AI Coding Risk Register Before Merge

A pre-merge risk register specifically for AI-generated code: the seven categories of risk the LLM won't flag, the one-line risk note per PR, and what blocks merge vs raises a warning.

ProcessResources

Published on 2026-03-10 · Updated 2026-06-02 · 7 min read · Author: Spec Coding Editorial Team · Review policy: Editorial Policy

Why I Started Keeping a Risk Register Just for AI Code

I did not want another template. I wanted to stop getting surprised in production. After the third incident where an AI-generated PR shipped something I would never have shipped by hand, I accepted that the assistant and I were not weighing risk the same way. The assistant optimizes for plausible code that compiles. I am supposed to optimize for whether I can still sleep at night after merging it.

So I started writing a one-line risk note on every AI-assisted PR. Not a document. A single sentence that says what the change could break and what I did about it. That sentence is the entire register. It lives in the PR description, it is required by CI, and it is the thing I read first during review.

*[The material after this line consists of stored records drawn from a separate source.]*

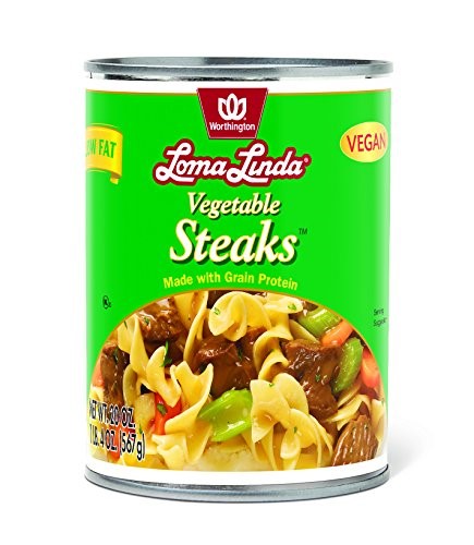 STEAKS: WHEAT GLUTEN WITH WATER FOR HYDRATION, CARAMEL COLOR. BROTH: WATER, SALT, YEAST EXTRACT, HYDROLYZED SOY PROTEIN, DEXTROSE, CARAMEL COLOR, VITAMINS AND MINERALS (NIACINAMIDE, IRON [FERROUS SULFATE], VITAMIN B1 [THIAMIN MONONITRATE], VITAMIN B6 [PYRIDOXINE HYDROCHLORIDE], VITAMIN B2 [RIBOFLAVIN], VITAMIN B12 [CYANOCOBALAMIN ]), MONOSODIUM GLUTAMATE, CELERY EXTRACT.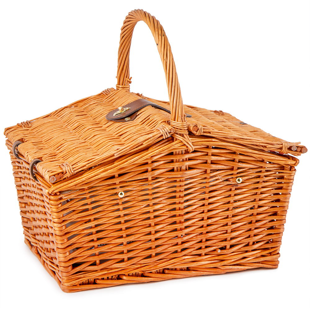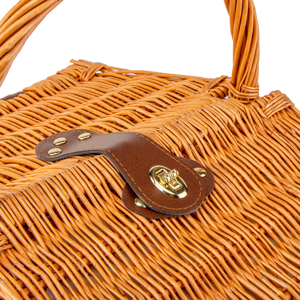 Плетений кошик для пікніка – ідеальний подарунок для справжніх естетів, любителів відпочити на природі. Кошик виглядає дуже естетично і стильно, він додасть атмосфери вуличній прогулянці. Кошик виготовлений з лози, всередині має смугасту підкладку з натурального матеріалу. Набір розрахований на 2 персони.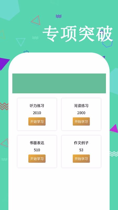 2、随时随地进行专项练习,不断提升听力、阅读、书面表达等能力,也针对性完成学习;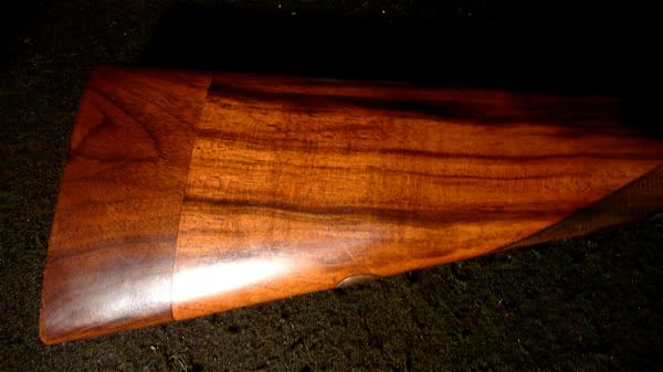 Mark Larson has just completed a "repair" of a plain stock extension on my favorite hunting gun. Thought you all would like to see his work. First two pictures are "before" and second two are "after" his work.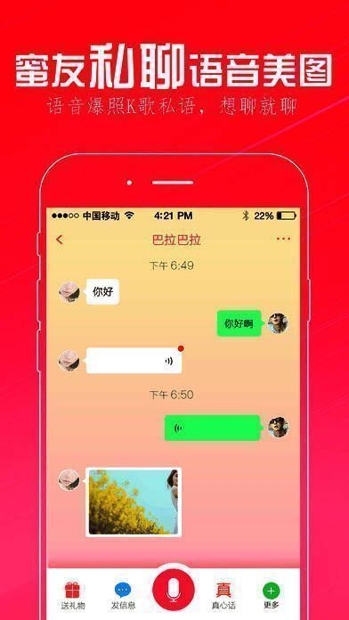 3、【在线畅快聊天】支持视频语音在线,聊天交友就像面对面一样,汇聚了千万真实美女,人美声甜,给你和女神零距离接触的机会;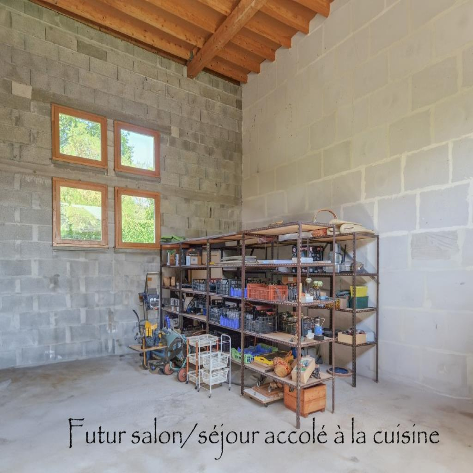 RDJ (dépendances) : pièce à aménager en extension de la cuisine, ouverture en place, bureau, wc, douche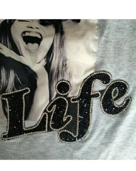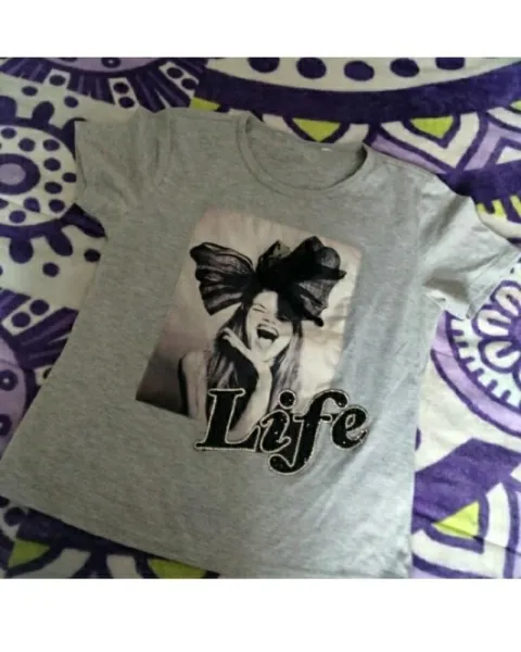 Playera gris estampada. Playera gris con estampado y detalles en el moño y piedras en las letras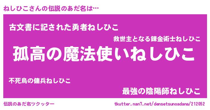 | 胡散臭い通販商品みたいなあだ名 | 『ガンによく効く高麗人参…その名も「ねしひこ」』 |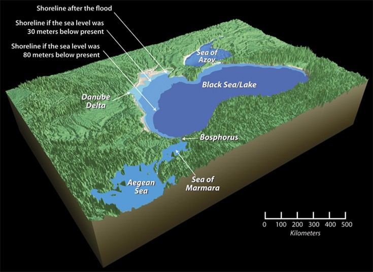 Η μεγαλύτερη πλημμύρα έλαβε ωστόσο χώρα στη Μαύρη Θάλασσα, που εκείνη την εποχή δεν ήταν παρά μια σχετικά μικρή λίμνη. Η άνοδος της στάθμης των νερών έκανε τον Βόσπορο να υποχωρήσει και το νερό της Μεσογείου όρμησε μέσα στη λίμνη, γεννώντας στην πορεία την τεράστια Μαύρη Θάλασσα. Η Μαύρη Θάλασσα γέμιζε νερό για τους επόμενους τρεις αιώνες, καταπίνοντας ολοένα και περισσότερη στεριά εντός της, αν και δεν υπάρχει επιστημονική συναίνεση ούτε για την ποσότητα των υδάτων ούτε για την ταχύτητα με την οποία έλαβε χώρα ο κατακλυσμός…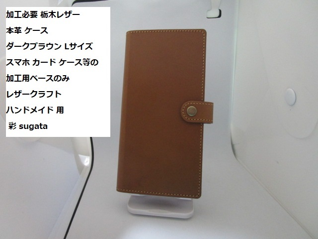 - 加工必要 栃木レザー 本革 ケース ダークブラウン Lサイズ スマホ カード ケース等の加工用ベースのみ レザークラフト 彩 sugata ★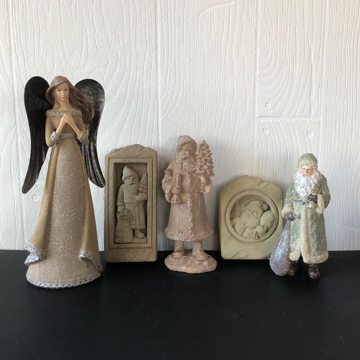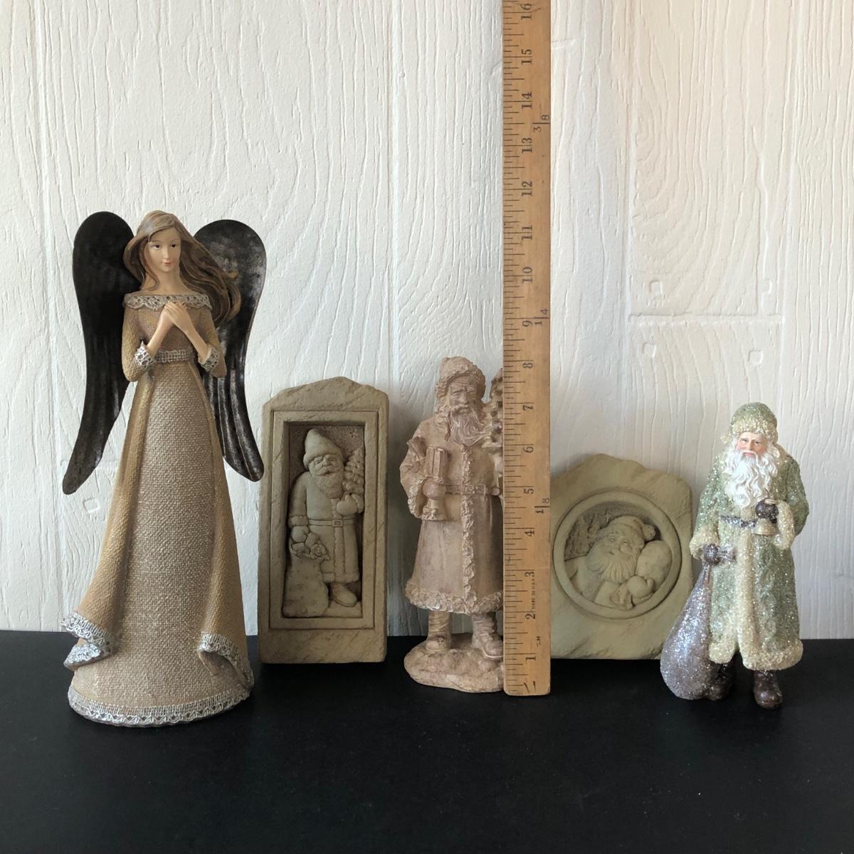 LOT 187G: Signed Carruth Pottery Santa Sculptures, Santa Figurines & Sullivan Gift Angel w/ Tin Wings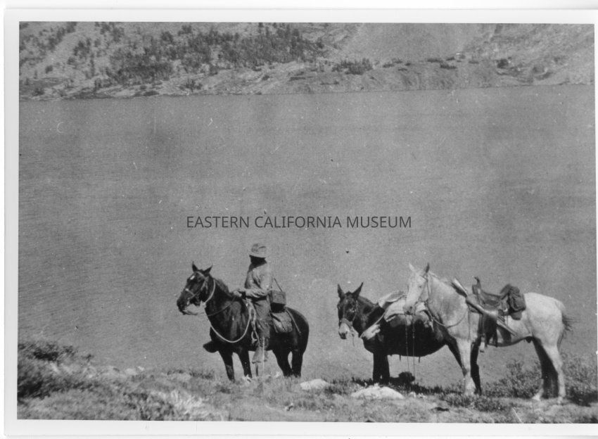 B&W glossy print: 1 man on horseback, 1 saddled horse, 1 mule beside a lake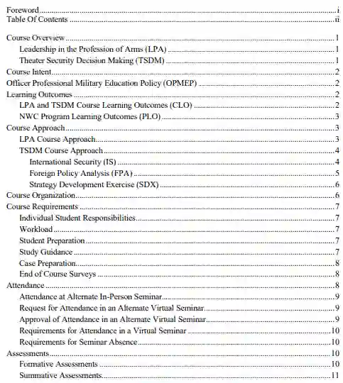 本课程面向中级军官及政府文职官员,旨在应对快速演变的国内外安全环境挑战。教学内容涵盖国家、区域及全球多层次安全议题,重点聚焦三大领域:(1)解析美国国家安全专业人员(特指作战司令部人员)所处当代安全环境的挑战与机遇;(2)剖析试图影响美国国家安全决策的多元行为体(国内外/政府与非政府),评估其行动动机及政策影响力;(3)基于安全环境认知与行为体影响机制研究,培养学员制定推进美国利益的战区级安全战略所需的研究、评估与规划能力。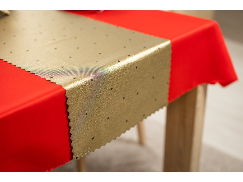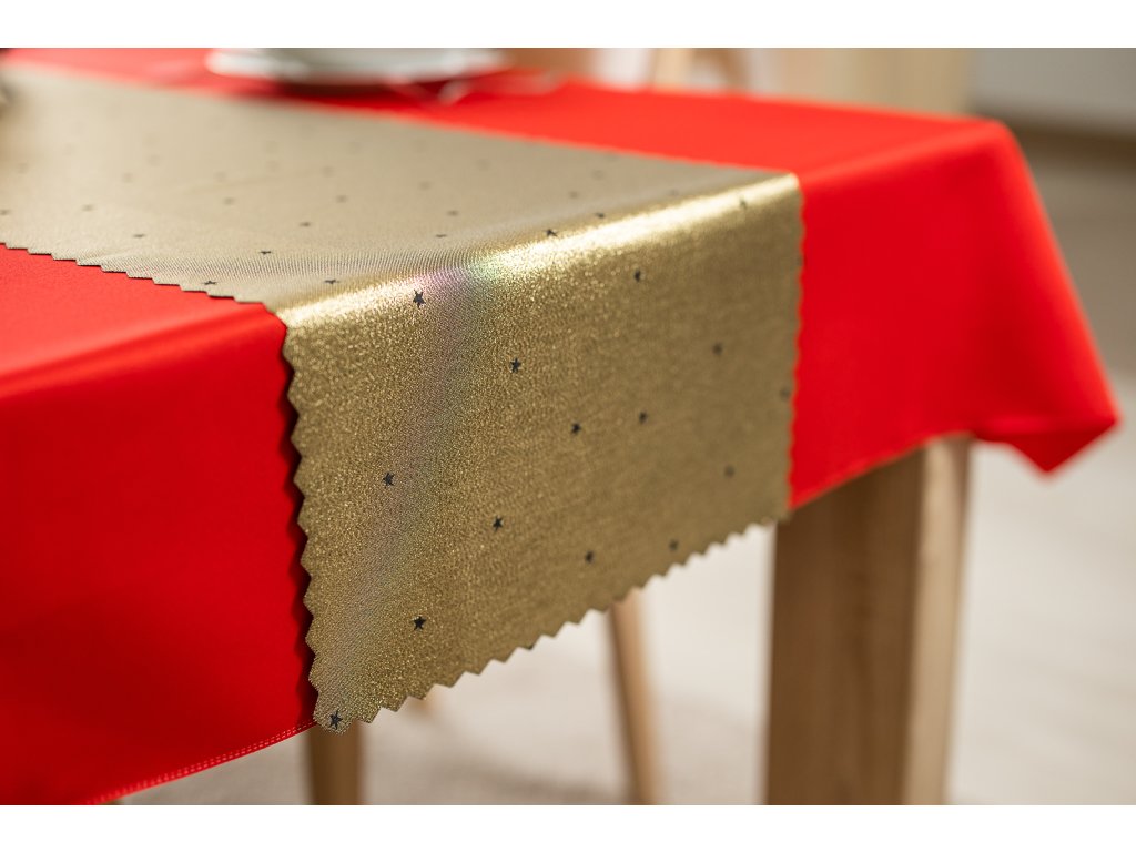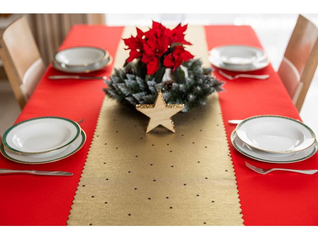 Vánoční se zlatými dekoracemi v podobě hvězdiček je dokonalou dekorací na stůl, která poslouží jak během Štědrého večera, tak i při jiných svátečních setkáních.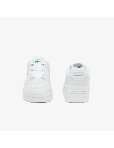 Ces chaussures présentent une tige en cuir blanc lisse, offrant une finition raffinée et une résistance naturelle. La silhouette est moderne et dynamique, avec des lignes nettes et un design minimaliste qui met en valeur la qualité des matériaux. Le logo Lacoste, discrètement apposé sur le côté, souligne l’authenticité et le prestige de la marque. La semelle en caoutchouc blanche assure une adhérence fiable et une bonne durabilité, tout en apportant une touche de légèreté à l’ensemble. La fermeture classique par lacets garantit un maintien ajusté et personnalisé. Les coutures apparentes sont précises et renforcent la structure sans alourdir le design, tandis que la forme basse de la chaussure facilite la liberté de mouvement.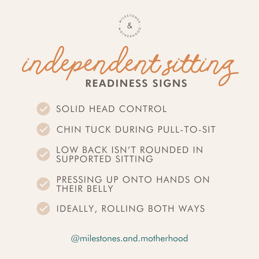 When it comes to sitting, I completely understand it is an exciting milestone! It can also be one of the first fairly stressful ones as baby learns to control their body without falling to the sides, front, or flinging backwards. Learning the readiness signs will hopefully help you feel more ready and prepared to navigate this stage and support your baby in a way that works for them.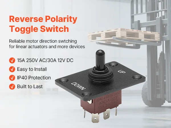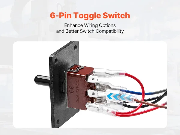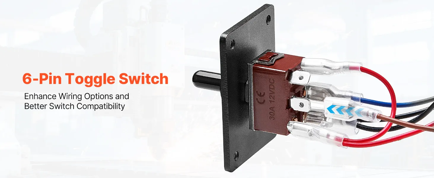 VEVOR's 6-pin toggle switch features a momentary function and a 3-position (ON)-OFF-(ON) design, providing smooth forward/reverse control. Rated for DC 12V 30A and AC 250V 15A, it ensures reliable performance across a wide range of automation systems.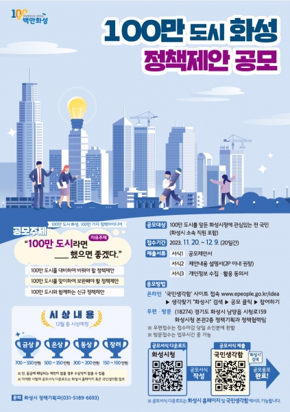 이번 공모는 화성시 인구가 올 연말 100만명을 돌파할 것으로 예상됨에 따라, 100만 도시에 걸맞은 창의적인 정책 아이디어를 발굴하기 위함으로 20일부터 12월 9일까지 20일간 진행된다.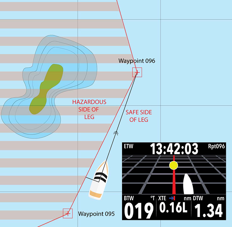 В нашем примере (см. рис. 6) вы можете использовать маршрут между точками 095 и 096 в качестве «линии освобождения». Вы сразу поймете, что находитесь в безопасной воде, если XTE равен нулю или находится справа от трассы между точками маршрута.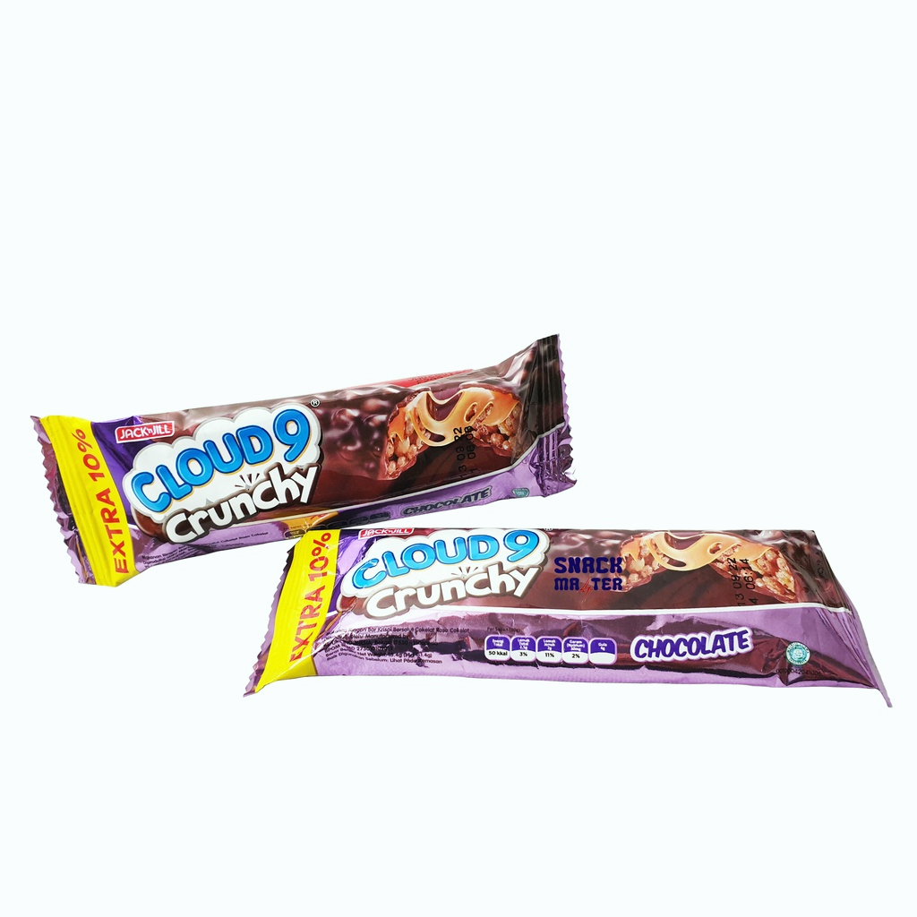 Cloud9 Crunchy merupakan salah satu produk dari JacknJill. Merupakan sereal berlapis karamel bertabur rice crispy yang crunchy, dibalut dengan cokelat lezat nan menggoda. Dijual per pcs bernetto 16 gram. Ber BPOM dan Halal MUI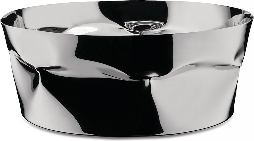 • La forme du récipient rappelle un tissu froissé ou une tôle emboutie, ce qui la distingue nettement des corbeilles à fruits standard.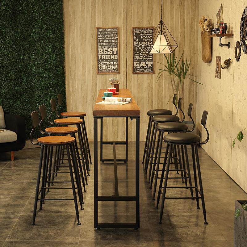 Solid wood bar table home balcony against the wall narrow table long long table milk tea shop bar high table and chair combination commercial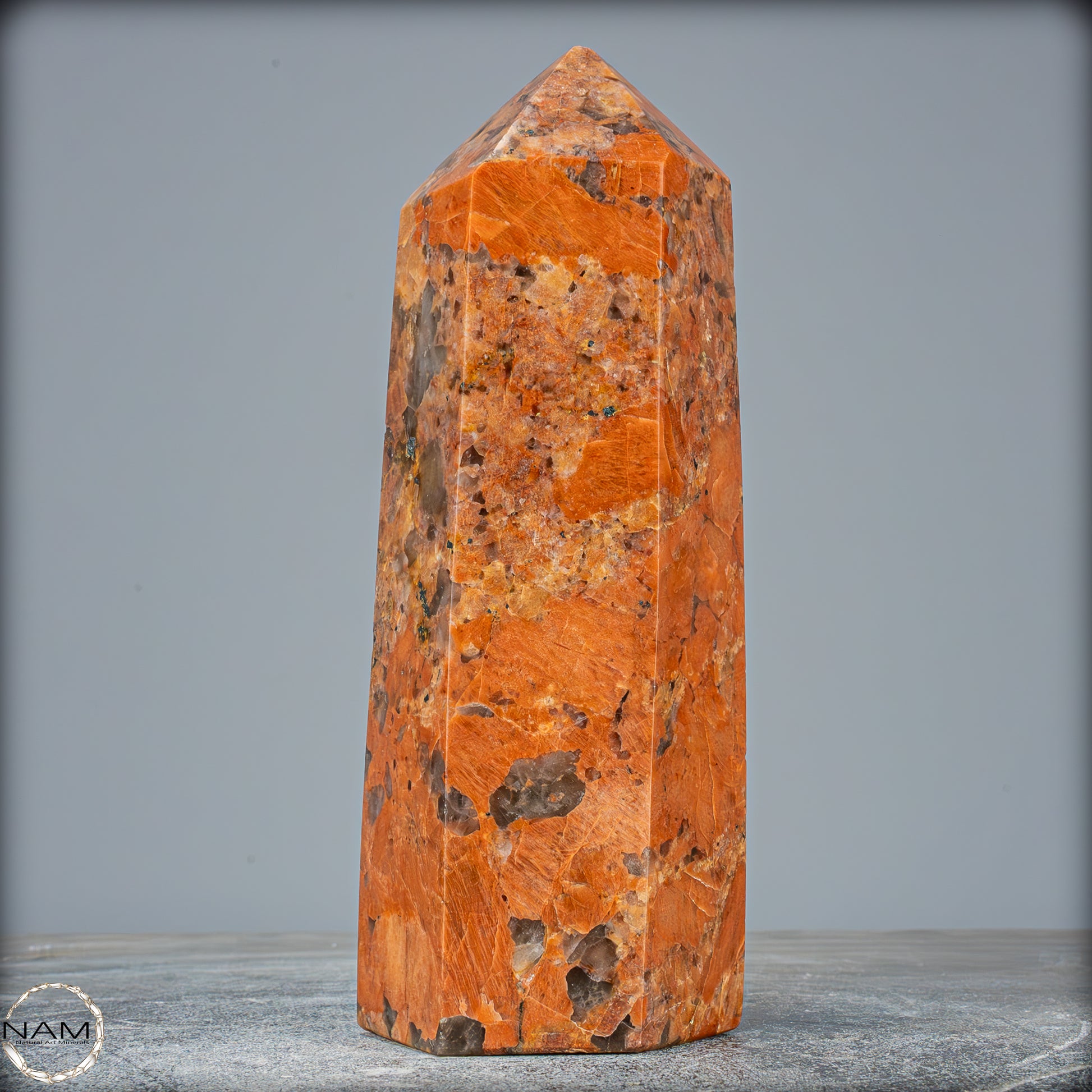Dieser charaktervolle Obelisk vereint feurig-rote Granatkristalle mit der sanften Eleganz von pfirsichfarbenem Microklin, auch bekannt als Pfirsich-Mondstein. Die polierte Oberfläche offenbart ein lebendiges Gefüge aus rötlich-orangenen Granateinschlüssen, eingebettet in eine feldspatreiche Matrix aus hellen, gräulichen und pfirsichfarbenen Tönen. Bei passendem Lichteinfall zeigt sich ein feiner Schimmer – ein typisches Merkmal des enthaltenen Microklins – das dem Stück zusätzliche Tiefe und Lebendigkeit verleiht.
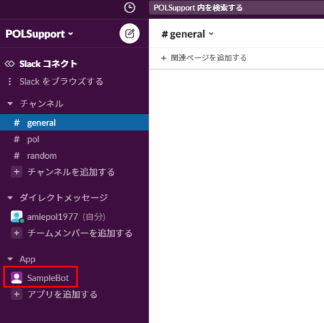 - 「SNS連携」にて、「Slack」が表示されていることを確認します。
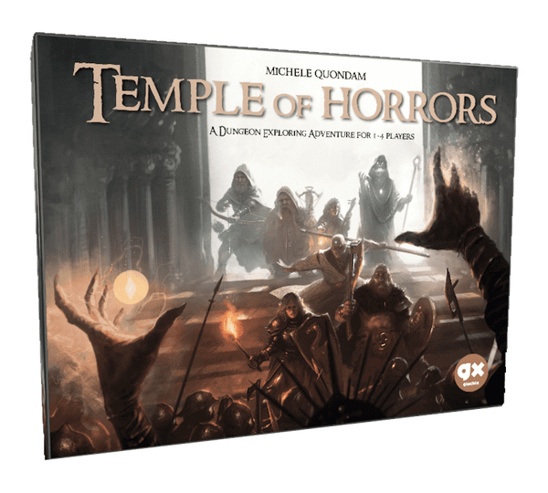 Temple of Horrors is an innovative dungeon crawler game where typical Euro game mechanics mix with American style. The game can last up to 14 rounds. In every round, the opponents will be stronger and more challenging to win. Each Hero has their powers and abilities and can improve them during the game, gaining experience points, choosing how: by this way, each Hero is different in every game. Magic Items, potions, weapons will improve and differentiate each character more.

The Seven Categories the Model Will Not Flag

Seven buckets. Every PR gets scanned against all of them before a risk note is written:

Security. Injected secret leak, unsafe eval, untrusted input reaching a shell, auth bypass behind a helper. The model reaches for exec when a parser would do.
Data loss. DB writes, destructive migrations, DELETE without WHERE, file overwrites, schema drops. Data is a one-way door.
Performance. N+1 queries, unbounded loops, sync calls in a hot path, missing pagination. Fast on a demo dataset, catastrophic on the real one.
Correctness. Silent wrong answers. Off-by-one, wrong sign, wrong rounding, swallowed exceptions. The code runs; the result is subtly wrong.
Dependency. New packages, unfamiliar packages, packages with ten weekly downloads. The assistant imports almost anything.
Regulatory. PII, GDPR, HIPAA, PCI, anything touching payments. The model does not know your jurisdiction.
Operational. New queue, new cron, new webhook — anything that now needs monitoring and nothing is watching it yet.

What the One-Line Risk Note Actually Looks Like

Here is the exact format I use. It is boring on purpose. Boring is readable in a hurry.

Risk: adds GET endpoint with user-supplied ORDER BY — SQL injection class. Mitigation: whitelist columns.

That is the whole thing. A category cue, the specific thing that could go wrong, and what was done about it. If I cannot write that sentence, the PR is not ready. If the mitigation is "none," the PR is not ready either — that is a signal, not a shortcut.

Green, Yellow, Red: The Gate Matrix

Every PR gets a color from the seven categories. The color decides what happens next:

Green. No category trips. Pure refactor in a tested module, log tweak, doc change. Merge normally. A Risk: none line is still welcome.
Yellow. One or two categories trip with a clear mitigation. Write the note, proceed through normal review. Most real PRs.
Red. Any destructive data op, any new auth surface, any regulatory touch, or three-plus categories at once. Block merge. Redesign, split, or escalate. Red never gets waived inline.

The Author Writes the Note. The Reviewer Verifies It.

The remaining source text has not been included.